- Interactive map of Mariga
- Mariga Location in Nigeria
- Coordinates: 10°42′N 5°50′E﻿ / ﻿10.700°N 5.833°E
- Country: Nigeria
- State: Niger State
- Headquarter: Bangi

Government
- • Local Government Chairman and the Head of the Local Government Council: Hon. Abbas Adamu Kasuwan Garba

Area
- • Total: 5,552 km^{2} (2,144 sq mi)

Population (2006 census)
- • Total: 199,430
- • Density: 35.92/km^{2} (93.03/sq mi)
- Time zone: UTC+1 (WAT)
- 3-digit postal code prefix: 922
- ISO 3166 code: NG.NI.MR

= Mariga, Nigeria =

Mariga is a Local Government Area in Niger State, Nigeria. Its headquarters are in the town of Bangi in the north of the area. Other towns in the LGA are Igwama and Inkwai. Various endangered Kamuku languages are spoken in Mariga LGA.

It has an area of 5,552 km^{2} and a population of 199,430 at the 2006 census. Mariga is the commercial nerve center of northern part of Niger State and is the second largest Local Government in the state.

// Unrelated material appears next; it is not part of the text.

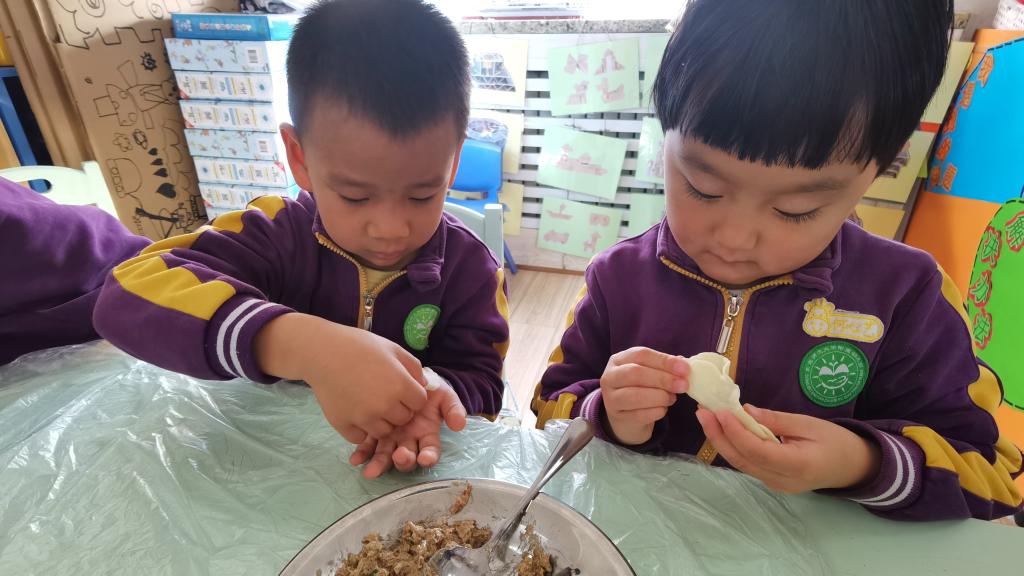 为了帮助孩子们了解中国传统习俗,培养幼儿的动手能力,体验劳动的快乐,果果五班小朋友们迎来生活体验养成系列活动---包饺子。

Mariga's economy is primarily based on agriculture and trade. Agriculture mainly consists of maize, groundnuts and guinea corn production. Mariga is a market town for the surrounding area, and is home to traders specializing in the buying and selling of cattle, as well as major crop exporters.

==People==
The principal inhabitants of the city are the Kamuku people. The Hausa language is widely spoken in Mariga. Kambari languages are also spoken in the LGA. Mariga is a Hausa and Fulani dominated city that is largely Muslims. The majority of Mariga’s Muslims are Sunni. Christians and followers of other non-Muslim religions form a small part of the population.

== Climate ==
With an annual temperature of 32.13 °C, 2.67% higher than the national average for Nigeria, the district of Mariga in that country has a tropical wet and dry climate.

==Transportation==
Mariga is strategically located and owns its leading position as commercial hub in northern part of the state. Mariga is linked to many Local Government cities by road.

The postal code of the area is 922.

The LGA includes the Zugurma Game Reserve, a section of the Kainji National Park.